#### WORK ITEM
Every entry below is to be copied word for word, with its pictures removed.

#### LISTED ENTRIES
::::::::::

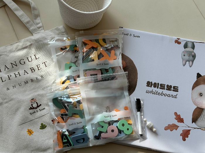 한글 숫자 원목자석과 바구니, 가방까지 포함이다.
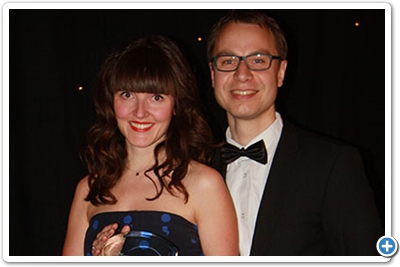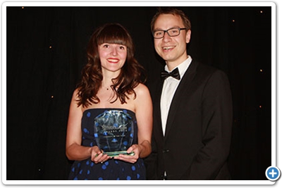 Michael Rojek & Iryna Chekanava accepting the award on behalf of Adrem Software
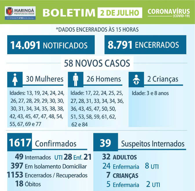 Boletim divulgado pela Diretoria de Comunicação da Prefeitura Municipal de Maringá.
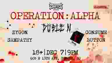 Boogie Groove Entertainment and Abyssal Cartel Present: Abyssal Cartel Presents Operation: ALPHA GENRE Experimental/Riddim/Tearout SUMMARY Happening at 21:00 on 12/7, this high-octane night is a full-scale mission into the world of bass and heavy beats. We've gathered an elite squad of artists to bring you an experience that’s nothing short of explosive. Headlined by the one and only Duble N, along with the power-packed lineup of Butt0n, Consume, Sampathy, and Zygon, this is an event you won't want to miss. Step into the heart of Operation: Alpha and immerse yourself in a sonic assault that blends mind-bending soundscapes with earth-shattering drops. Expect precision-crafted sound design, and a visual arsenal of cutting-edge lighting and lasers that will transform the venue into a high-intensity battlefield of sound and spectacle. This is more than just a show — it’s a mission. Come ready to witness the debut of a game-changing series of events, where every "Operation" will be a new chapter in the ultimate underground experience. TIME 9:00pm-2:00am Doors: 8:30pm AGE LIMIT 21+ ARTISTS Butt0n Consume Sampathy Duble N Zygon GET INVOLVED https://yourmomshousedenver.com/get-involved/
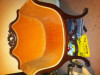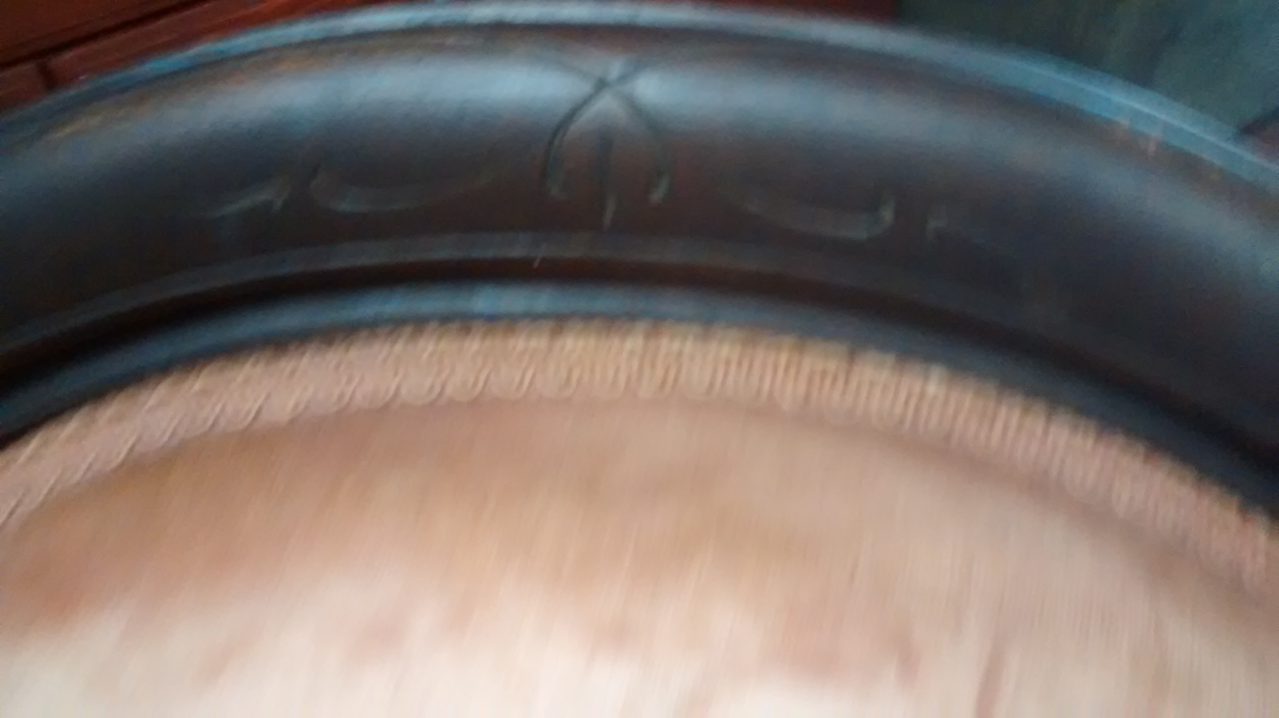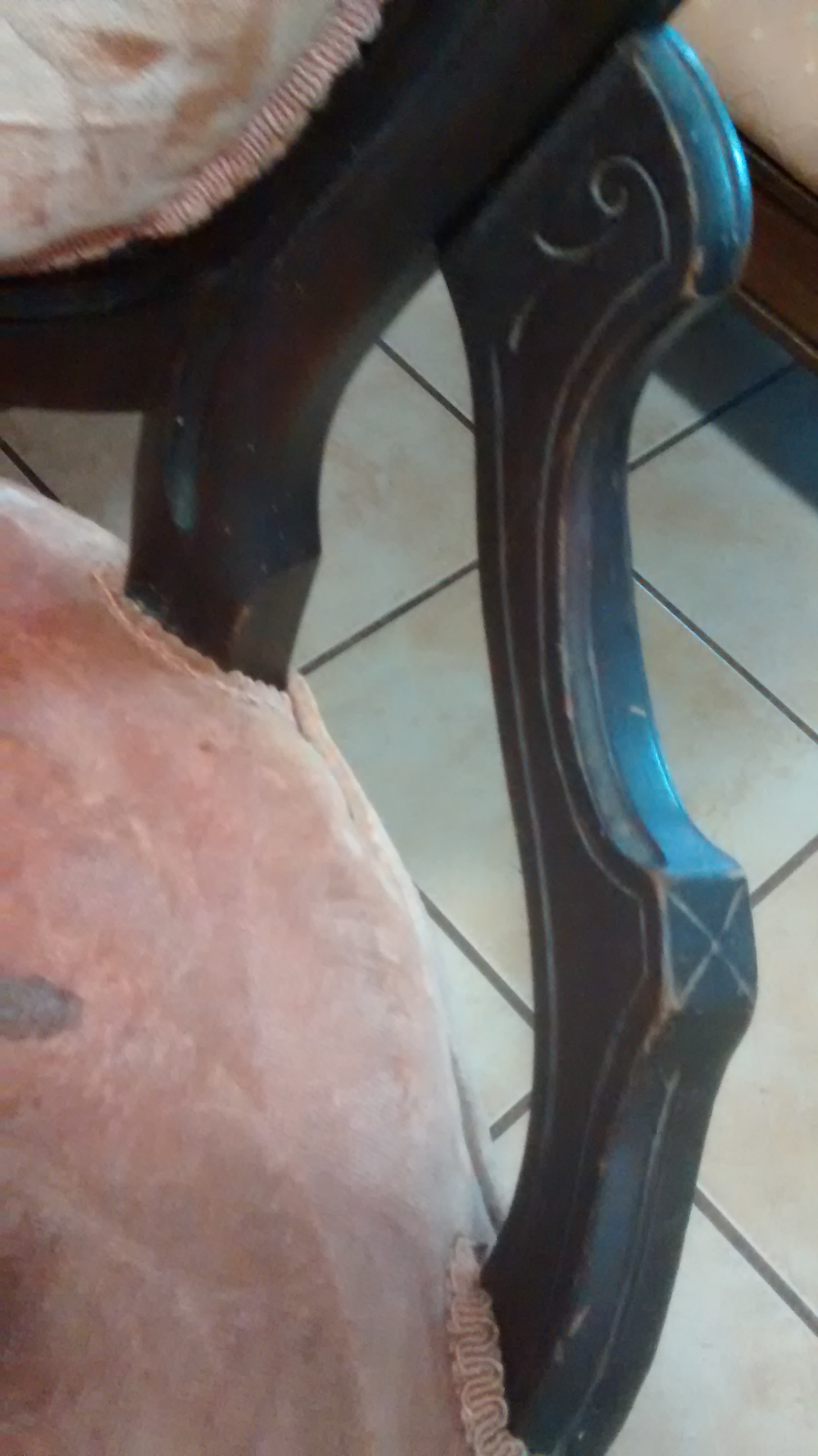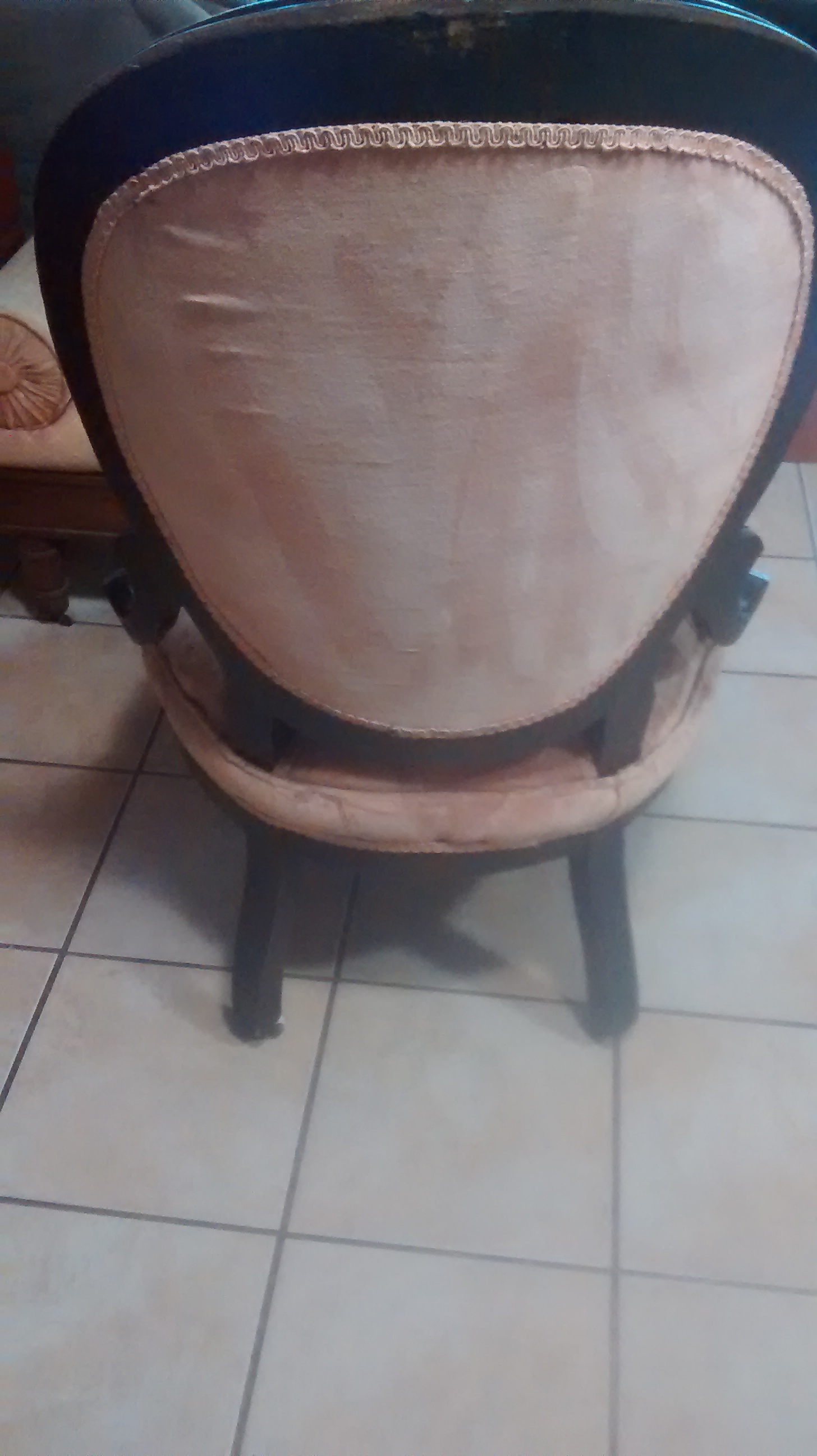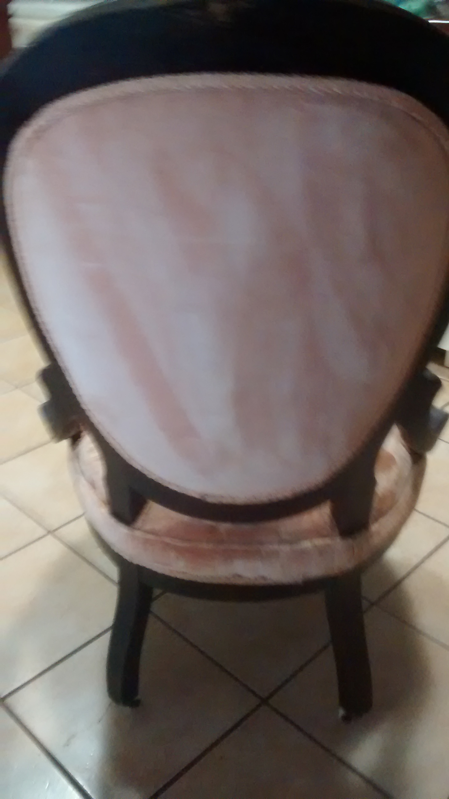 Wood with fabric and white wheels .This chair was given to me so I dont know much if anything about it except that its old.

::::::::::

#### COMPLETED TASK
 한글 숫자 원목자석과 바구니, 가방까지 포함이다.
 Michael Rojek & Iryna Chekanava accepting the award on behalf of Adrem Software
 Boletim divulgado pela Diretoria de Comunicação da Prefeitura Municipal de Maringá.
 Boogie Groove Entertainment and Abyssal Cartel Present: Abyssal Cartel Presents Operation: ALPHA GENRE Experimental/Riddim/Tearout SUMMARY Happening at 21:00 on 12/7, this high-octane night is a full-scale mission into the world of bass and heavy beats. We've gathered an elite squad of artists to bring you an experience that’s nothing short of explosive. Headlined by the one and only Duble N, along with the power-packed lineup of Butt0n, Consume, Sampathy, and Zygon, this is an event you won't want to miss. Step into the heart of Operation: Alpha and immerse yourself in a sonic assault that blends mind-bending soundscapes with earth-shattering drops. Expect precision-crafted sound design, and a visual arsenal of cutting-edge lighting and lasers that will transform the venue into a high-intensity battlefield of sound and spectacle. This is more than just a show — it’s a mission. Come ready to witness the debut of a game-changing series of events, where every "Operation" will be a new chapter in the ultimate underground experience. TIME 9:00pm-2:00am Doors: 8:30pm AGE LIMIT 21+ ARTISTS Butt0n Consume Sampathy Duble N Zygon GET INVOLVED https://yourmomshousedenver.com/get-involved/
 Wood with fabric and white wheels .This chair was given to me so I dont know much if anything about it except that its old.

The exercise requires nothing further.